■ **Stored data**
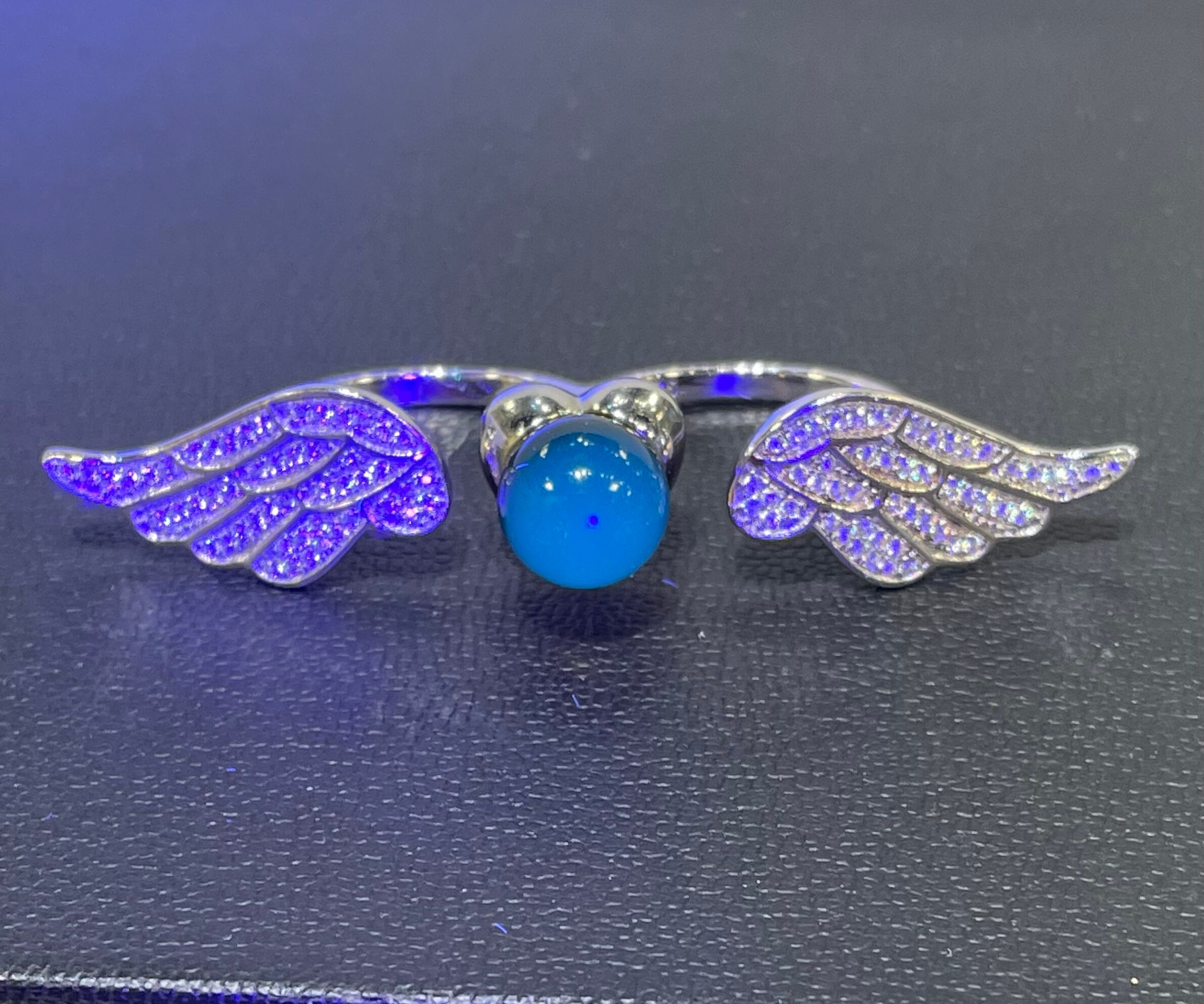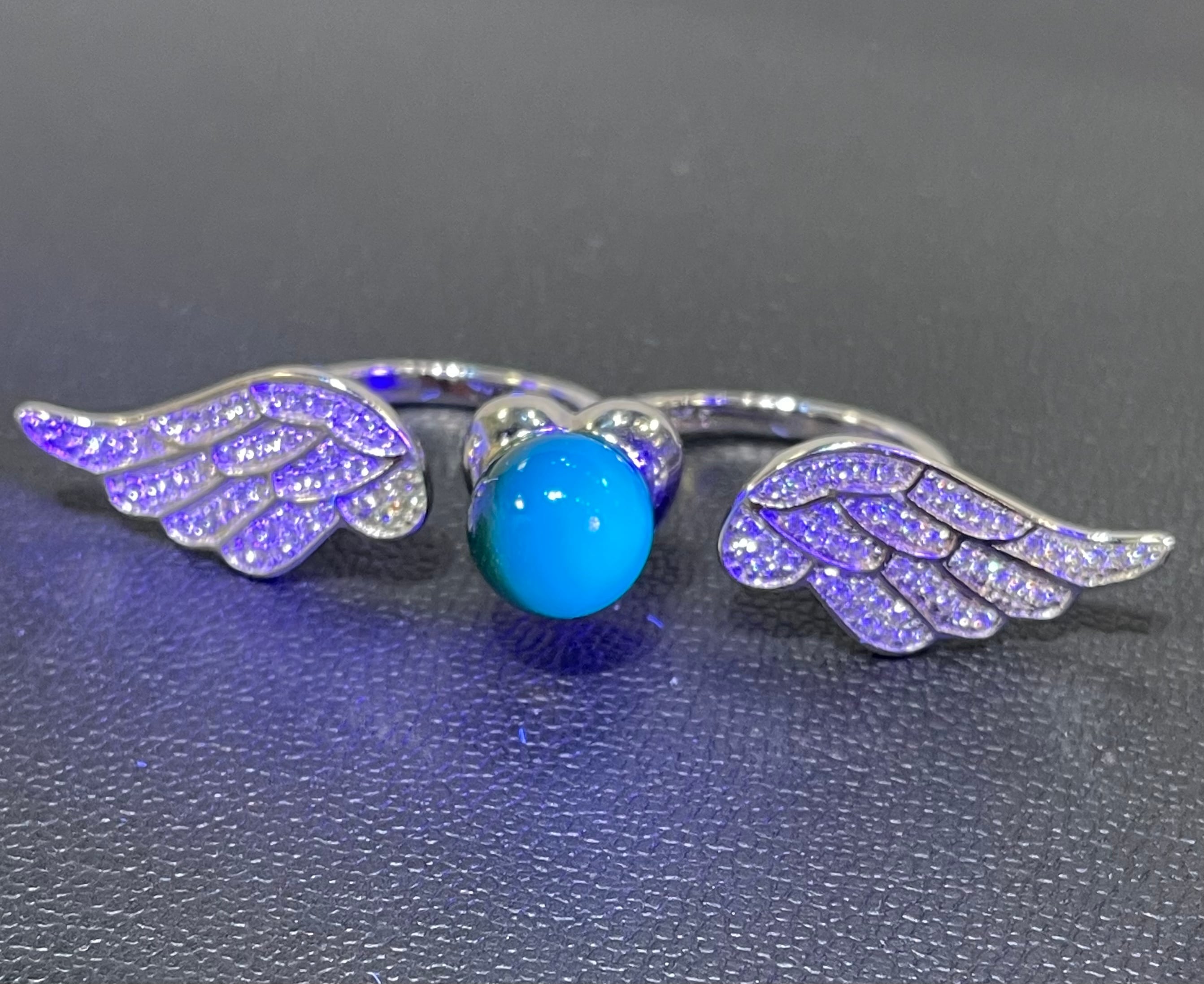 一見普通のアンバーとはなんら変りはないですが、太陽光やブラックライトなどの紫外線が当たると神秘的な美しいブルー光が表面を覆います。
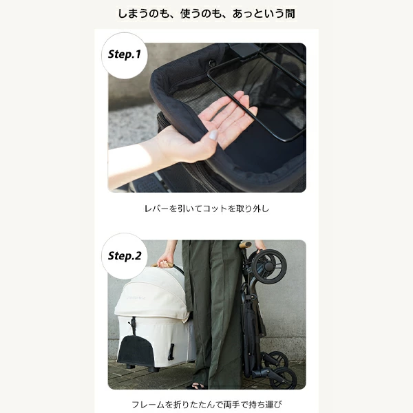 ペットカートとは思えない洗練されたデザインと機能性が両立されており、小型犬から中型犬まで、そして多頭飼いにも対応できる頼れるパートナーです。
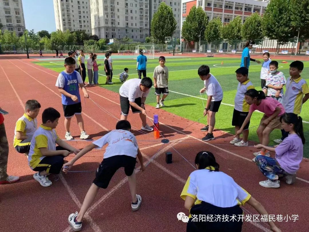 “加油!加油!耶!”,假期,伊滨区福民巷小学本该安静的校园,却在盛夏里传来了一浪高过一浪的加油声和呐喊声。原来,操场上正有序开展着一场趣味运动会……这是洛阳师范学院体育学院“以体筑梦,‘益’起前行”益行运动暑期社会实践队在该校进行体育教学的火热现场。
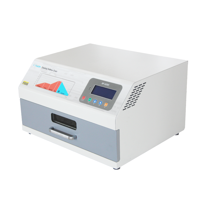 The ITECH series reflow oven adopts 3D hot air circulation + super infrared radiation heating to make the internal heat flow evenly, which is suitable for the reflow requirements of different alloys and lead-free solders. It is suitable for design and development, experimental teaching, small batch production and processing.

■ **Activity**
All of the lines above must be printed again exactly, and no picture may appear in the copy.

■ **Solution to the problem**
 一見普通のアンバーとはなんら変りはないですが、太陽光やブラックライトなどの紫外線が当たると神秘的な美しいブルー光が表面を覆います。
 ペットカートとは思えない洗練されたデザインと機能性が両立されており、小型犬から中型犬まで、そして多頭飼いにも対応できる頼れるパートナーです。
 “加油!加油!耶!”,假期,伊滨区福民巷小学本该安静的校园,却在盛夏里传来了一浪高过一浪的加油声和呐喊声。原来,操场上正有序开展着一场趣味运动会……这是洛阳师范学院体育学院“以体筑梦,‘益’起前行”益行运动暑期社会实践队在该校进行体育教学的火热现场。
 The ITECH series reflow oven adopts 3D hot air circulation + super infrared radiation heating to make the internal heat flow evenly, which is suitable for the reflow requirements of different alloys and lead-free solders. It is suitable for design and development, experimental teaching, small batch production and processing.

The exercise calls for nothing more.